Representation of the People Bill
- Parliament of the United Kingdom
- Long title: A Bill to Make provision extending the right to vote to 16 and 17 year olds; to make provision about the registration of voters; to make provision about the administration and conduct of elections, referendums and recall petitions; to make provision about election agents’ addresses; to make provision about political expenditure and political donations; to make provision about information to be included in electronic campaigning material; to make provision about offences and civil sanctions in connection with elections, referendums and recall petitions and with donations and expenditure for political purposes; to make provision about the disclosure of information by the Electoral Commission; to make provision about the disqualification of offenders for holding elective offices, and their sentencing, where offences are aggravated by hostility towards persons involved in elections, referendums or recall petitions or holders of such offices; and for connected purposes.
- Introduced by: Steve Reed, Secretary of State for Housing, Communities and Local Government (Commons)
- Territorial extent: United Kingdom

Other legislation
- Amends: Electoral Law (Northern Ireland) Act 1962 Representation of the People Act 1983 Representation of the People Act 1985 Local Elections (Northern Ireland) Order 1985 (SI 1985/454) Representation of the People Act 1989 Political Parties, Elections and Referendums Act 2000 Representation of the People Act 2000 Elections Act 2022

Status: Pending

History of passage through Parliament

= Representation of the People Bill =

Proposed law of the United Kingdom

The Representation of the People Bill is a bill of the Parliament of the United Kingdom. The bill, if passed, will reduce the voting age in the United Kingdom from 18 years old to 16 years old, expand accepted voter ID, and expand the powers of the Electoral Commission.
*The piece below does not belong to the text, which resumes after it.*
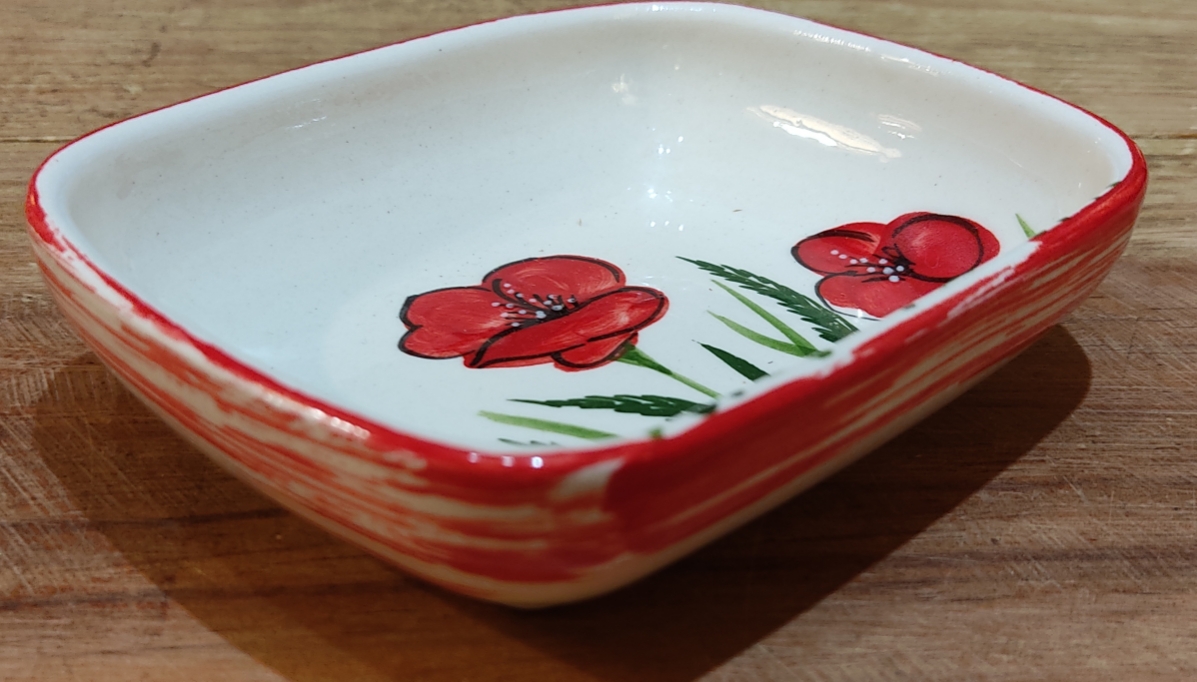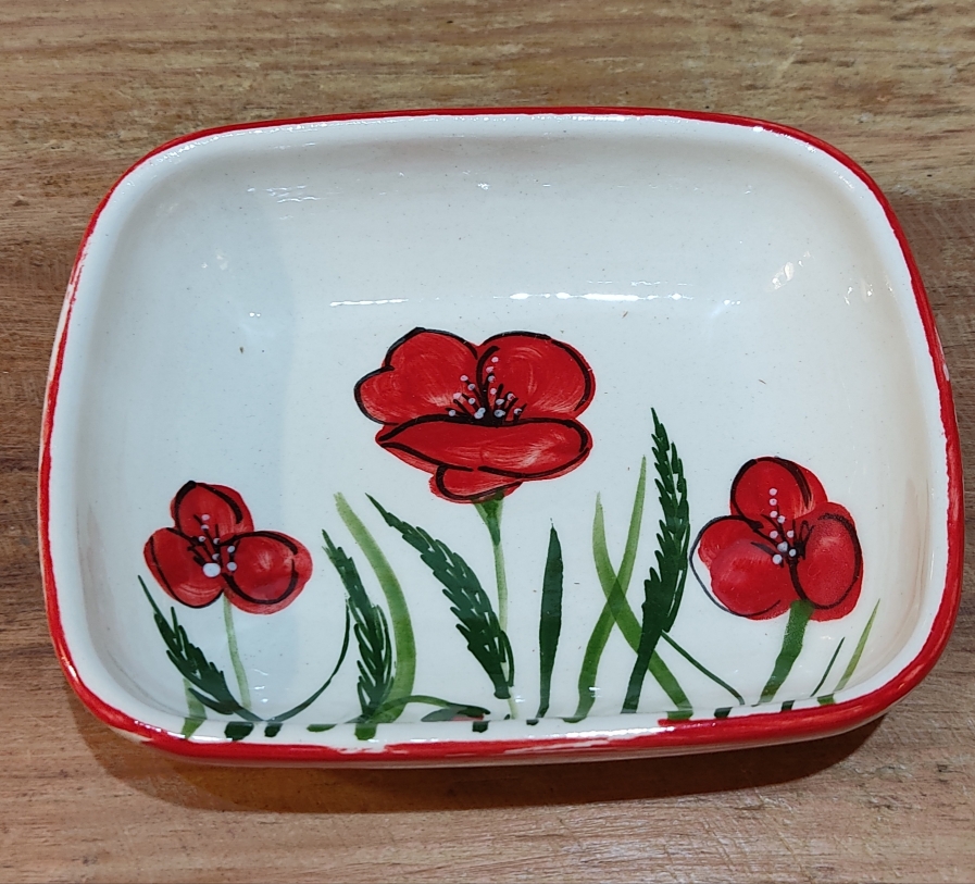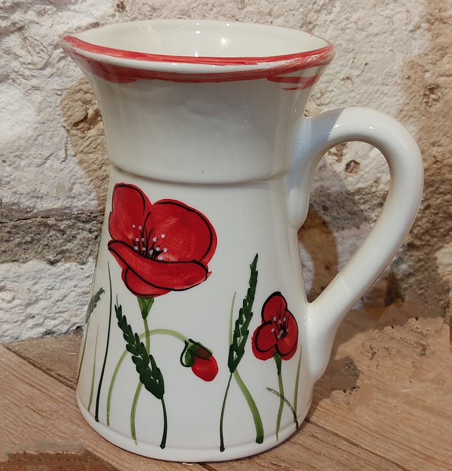 Céramique de fabrication artisanale, peinte à la main, décor coquelicots.

The bill implements the government white paper Restoring trust in our democracy: Our strategy for modern and secure elections and introduces a lowered voting age, automatic voter registration, requires ID for candidate nominations, extends the range of acceptable voter ID to include bank cards, and makes a number of changes to campaign finance and imprints, as well as expanding the Electoral Commission's powers by extending its enforcement powers to include "candidate, local third party campaigner and recall petition campaigner political finance offences" and removing the government’s ability to set its strategic direction. The bill also creates stronger legal consequences for electoral intimidation and harassment, with courts gaining greater sentencing powers in such cases.